I scooped up about 16 rolls of wrapping paper from Target, eBay, and The Container Store for a little less than $75. The tricky thing about estimating the amount you'll need is that wrapping paper comes in different lengths, different amounts per roll, and different types of materials. The best deals by far were the large rolls from Target. The other thing we purchased was the Scor-Pal ($25), to help us make more precise accordion folds.
Besides paper and a scoring board, the only other thing we used was to complete this project was our handy dandy glue gun. And now for the how-to.
First order of business, making the wrapping paper double-sided. To do this, Mr. NM cut it into squares and I used spray adhesive to stick one square to another. It's helpful to roll the paper against itself to flatten it a bit before you glue it. Might I also suggest using a very large box in a very open space - so you don't spray glue onto everything in your house and so you don't get high as a kite in the process.
Next you just have to trim them up square. For squares less than 12" we used our paper trimmer. For larger than 12" we used a yardstick and cutting mat. You'll need a pair of double-sided squares to make each pleated medallion. Once they're squared up you can begin the scoring process. I wanted 1/2 inch folds, so on one side I made score lines 1 inch apart, then I flipped the paper over and scored the 1/2 inch marks, also 1 inch apart. Then you can accordion fold them.
Each accordion folded sheet now needs to be folded in half and glued to itself. The result is a fan shape that will be half of a finished medallion.
Sometimes there would be a little extra tab of paper sticking out that I just trimmed up even with the other side. I used the same process to glue two "fans" together. Once the entire circle was together I noticed that some of the center pleats were expanding, making the middle area too "foldable." Dotting some hot glue in the middle of the pleats (on each side of the medallion) took care of this.

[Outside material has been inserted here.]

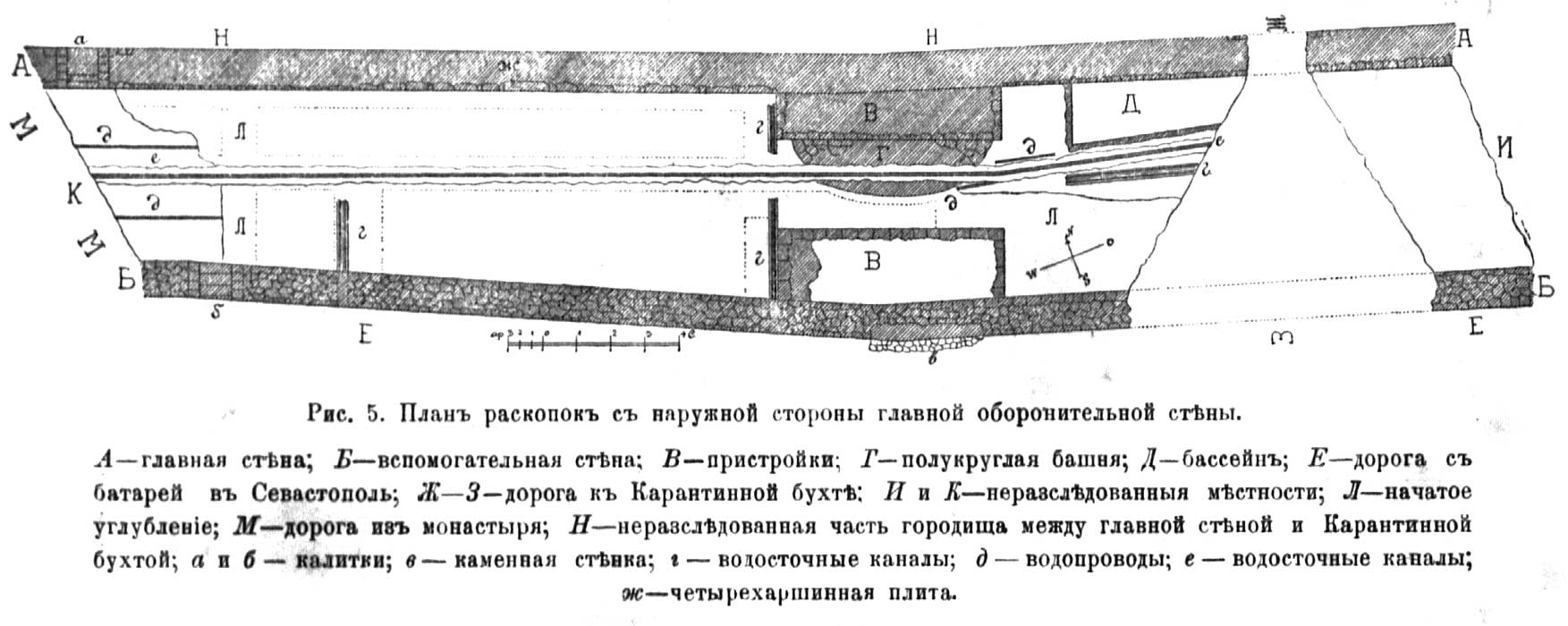Работы, которые велись одновременно дальше на северо-запад, между проломом, ведущим к складу древностей, и воротами монастыря, привели к результатам не менее важным. Г. Косцюшко-Валюжинич, продолжая здесь раскопки 1895 г. (см. выше), обнаружил, прежде всего, до уровня византийской эпохи пространство между главной и вспомогательной стенами, на протяжении около 75 м, и очистил контр-эскарп с внешней стороны на таком же расстоянии, причем в западном конце в обеих стенах оказалось по калитке (см. план с объяснением на рис. 5).

And that's pretty much it. I do want to share with you some other important things I learned along the way.
If I were doing it all over again, I might prefer to stay away from really thick paper because it's harder to fold, and I would stay away from really shiny (almost plastic-like) paper because it's harder to adhere. It's also good to know that the finished size of the squares you start out with will be the same diameter of the circles you end up with. And finally, don't worry if your accordion folds aren't perfect because once the circle is completed the pleats are stretched out and it really doesn't make a hugely noticeable difference.
Now we just have to figure out how many we'll need in order to suspend them over 80 feet of tables, then find a way to store all of them for the next eight months or so. Ya know, just some little details. :-) Oh, and as for the time it's taking to make these (because we're *way* not finished yet), I estimate that between Mr. NM and I we've spent 15 hours so far cutting, gluing, trimming, and some scoring. We only have 8 completed medallions, so we'll probably need at least another 10 hours to finish scoring, folding, and assembling. I'll update this post once we're finished to give the grand total time.
There are a lot of these pleated circles out there in blog land (also called pinwheels or rosettes). What's your favorite kind, and have you ever used them for any of your own projects?